Subjects performed a visual dot motion or color proportion task on a stimulus consisting of multiple colored moving dots in which one of these two features (motion or color) was relevant to the task during a given run (see Fig. 1). For all trials, regardless of the attended feature, a subset of dots moved coherently (leftward or rightward) on a background of randomly moving dots, and an uncorrelated subset of dots of one color (blue or red) was present on a background of evenly apportioned blue and red dots. For each attend-motion trial, subjects were required to identify the direction of motion as quickly and accurately as possible. For each attend-color trial, subjects were required to identify the predominant color as quickly and accurately as possible. Importantly, the fully crossed factorial design ensured that the attended and ignored features varied parametrically in independent fashion. Thus, coherence values were balanced within sessions such that subjects viewed equal numbers of all combinations of attended condition, motion coherence, color coherence, leftward/rightward motion, and red/blue color proportion, in randomized and independent fashion. Each run began with a colored text prompt directing the subject to perform either the motion or color task for all trials within the run. The color of the text was either green or orange, counterbalanced across subjects (although consistent within subject). Additionally, the fixation cross was rendered in the same color as the text prompt to reinforce the relevant task.
A trial began with dimming of the fixation cross and appearance of the dot motion stimulus for 2500 ms. Color and motion coherence remained consistent throughout the trial. To indicate their choice, subjects made a button press with either their second or third fingers before the end of the stimulus interval. For motion, the second finger corresponded to leftward motion and the third finger to rightward motion. For color, the correspondence between finger and red/blue color was counterbalanced across subjects (although consistent within subject). After 2500 ms, the stimulus disappeared, the fixation cross brightened to its original contrast, and an interstimulus interval ranging from 4000 to 12,000 ms preceded the next trial. The stimulus persisted for the entire 2500 ms interval, regardless of the subject's response time, to avoid confounding response time and stimulus duration.
Subjects initially undertook training sessions in which coherence values taken from our previous study (0, 2, 4, 8, 16, 32, and 64%) (Kayser et al., 2010) were used for both motion and color features. To ensure that each task was well learned, we initially trained each subject on the color and motion tasks in separate sessions. Three of the five subjects first performed the motion task in the absence of the other stimulus for three 1.5 h sessions.
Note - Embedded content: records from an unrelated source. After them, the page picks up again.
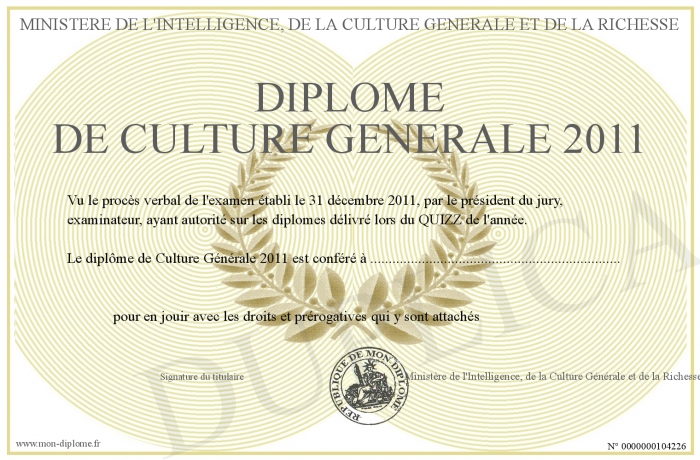 Envoyez par email votre Diplôme de Culture Générale 2011 personalisé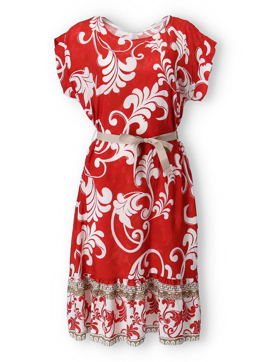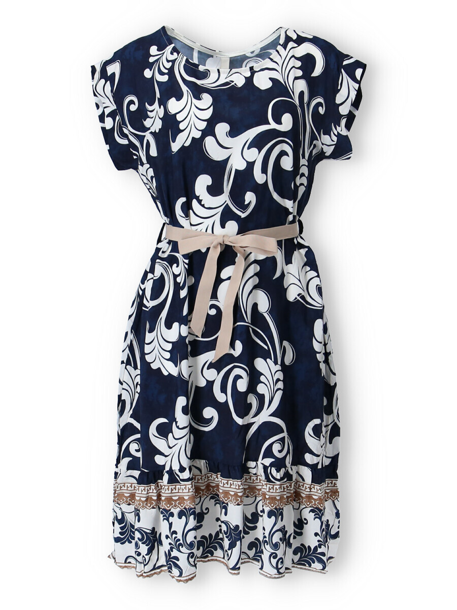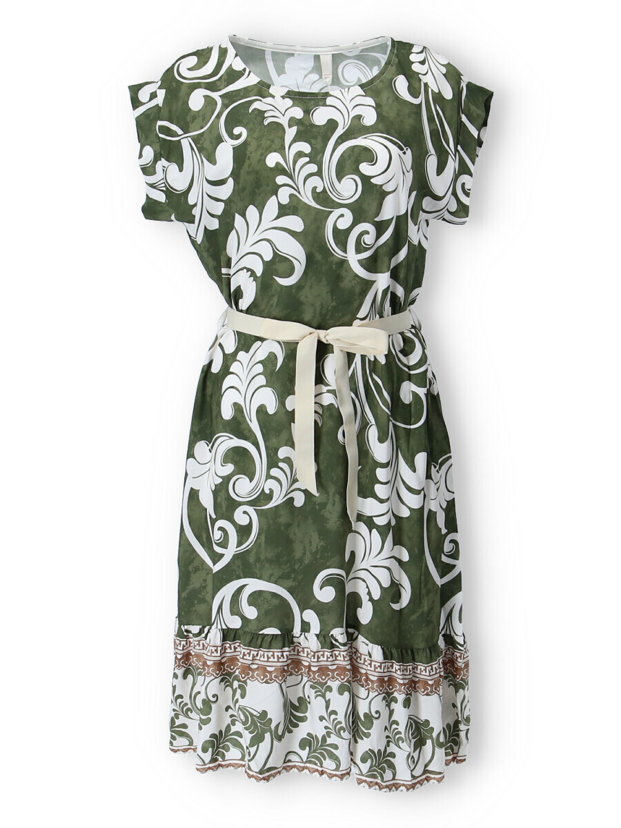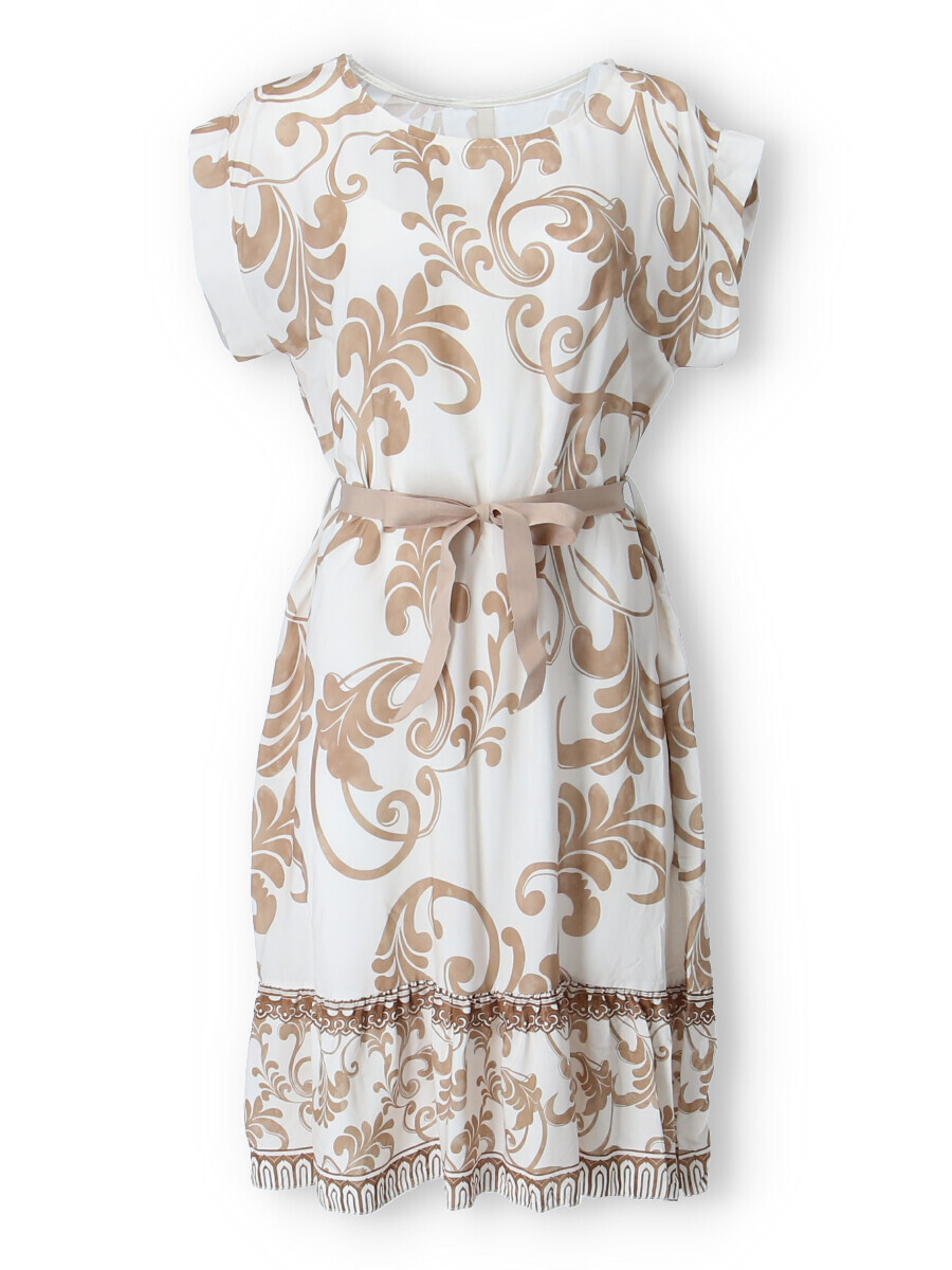 Dámské šaty se vzorem. Šaty mají kulatý výstřih, ve spodní části volán a v pase doplněny stuhou. Vyrobeno v Itálii.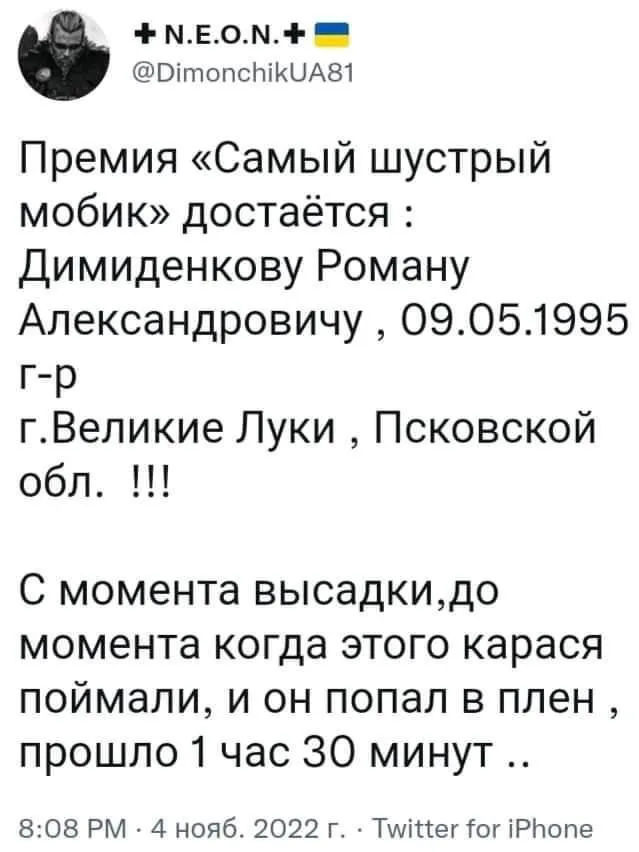 У мережі також додали, мовляв, цьому російському окупанту можна привласнити премію "найшвидший "мобік".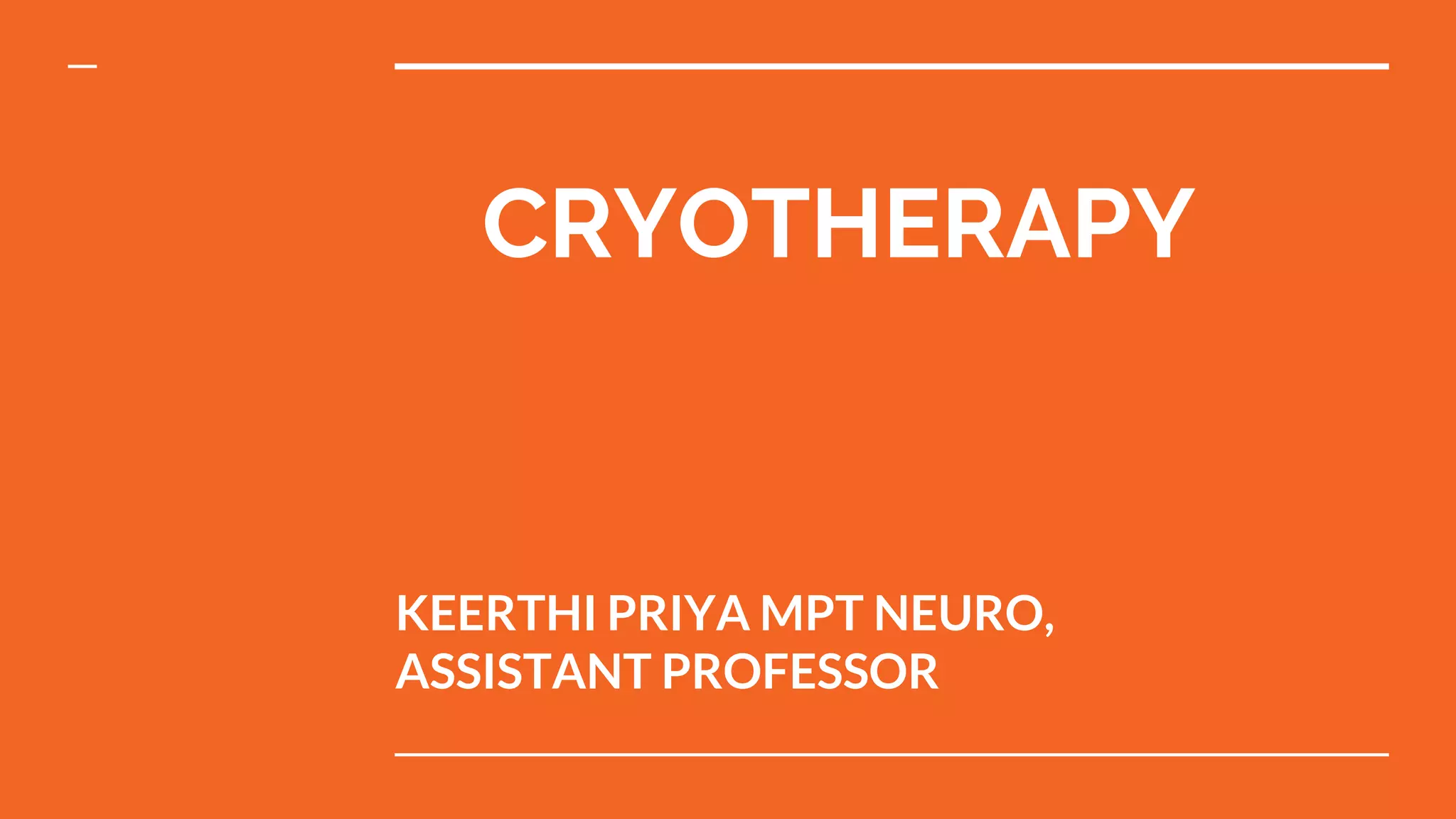 Cryotherapy refers to the use of cold for therapeutic effects in acute trauma and subacute injury. There are several types of cryotherapy including local immersion, cold packs, ice towels, ice massage, cold compression, and evaporating sprays. The physiological effects of cryotherapy include vasoconstriction followed by vasodilation in the circulatory system, decreased cell metabolism, reduced nerve conduction velocity, and decreased muscle performance. The therapeutic effects are pain relief, reduction of inflammation and edema, decreased muscle spasm and spasticity, and benefits for recent injuries. Contraindications include cardiac or peripheral vascular disease and impaired sensation.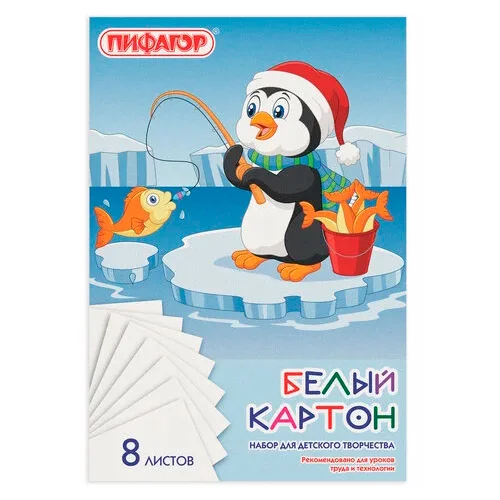 Картон белый А4 немелованный (матовый), 8 листов, в папке, ПИФАГОР, 200х290 мм, 'Пингвин-рыболов', 1

They were then trained on the color task in the absence of the motion stimulus for three additional 1.5 h sessions. The other two subjects were trained in the opposite order (i.e., color, then motion). Finally, all subjects were trained on the task with both color and motion features present for an additional three 1.5 h sessions. All subjects reached stable performance by the end of training, as determined by a 5% or less session-to-session change in the halfway accuracy threshold [corresponding to the coherence level at 75% accuracy as defined by the fitted diffusion model parameters (Palmer et al., 2005)].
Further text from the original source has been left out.